# Land for sale in Virginia



## Rocktown Gal (Feb 19, 2008)

I have 7.908 acres for sale in Rockingham County. The land has been perked and the land is suitable to accommodate a 3 bedroom home. 

Approximately 4 acres are 4 board fence and the other acreage is solar fencing. All animals are welcome in this area. We are approximately 20 minutes from the mall or shopping. But far enough out that we are well hidden. The road that passes in front of the land is gravel and state maintained. 

You can watch the sun rise in the morning and go down in the evening we are close to Massanutten Ski Resort.

There are 2 septic areas on the property. There is a creek on the property also.

I am willing to sell the front part separately. But I will not sell the second part without the front due to right of way.

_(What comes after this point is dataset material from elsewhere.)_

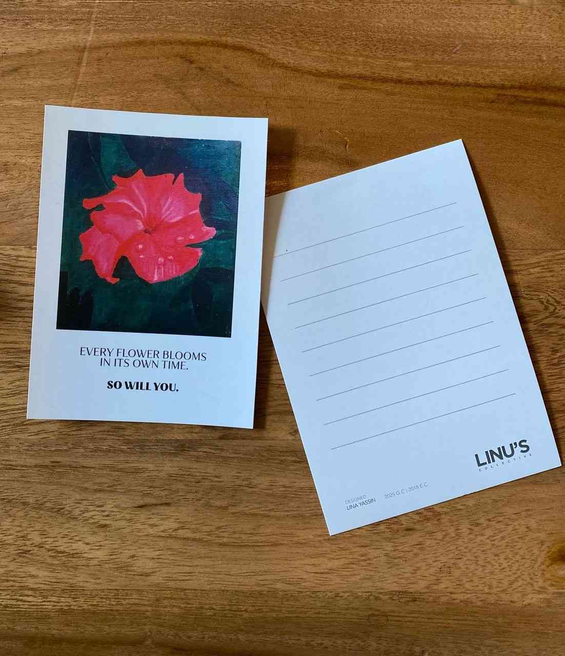 Shop: LINU'S COLLECTIVEEvery Flower Blooms Postcard | Inspirational Quote Greeting Card | Motivational Floral Typography Art Print | Modern Minimalist Wall Decor | Positive Affirmation Message Souvenir Gift for Home | Office & Journaling

The land is priced at $293,000. If interested I will send you a platt of the land.


----------



## Shygal (May 26, 2003)

293K for.......8 acres of land?


----------



## Rocktown Gal (Feb 19, 2008)

That is what the realtor is listing it as.


----------



## RosewoodfarmVA (Oct 5, 2005)

Perhaps if you build that 3 bedroom house that the land is "suitable for" you just *might* get your asking price. The real estate market is such that folks are asking enormous amounts of money but few pieces are selling, and that at lower, more reasonable prices. A lady near here has 5 acres with a singlewide for sale asking $125K. I told her she was crazy for asking that much, as it was only worth $75k at most in this area. She said she didn't need to sell, but if some out-of-state dummy wanted to pay that much she would sell it. It's been for sale 4 years now with not a nibble!

I reckon you'll need an out of state dummy for your place too! $40,000 per acre is a lot of money for just plain land non-commercial on a gravel road. Not trying to be hard just saying your RE agent wants to make too much $$ on the deal!


----------



## Rocktown Gal (Feb 19, 2008)

The land is priced comparable to other pieces of land in the area.


----------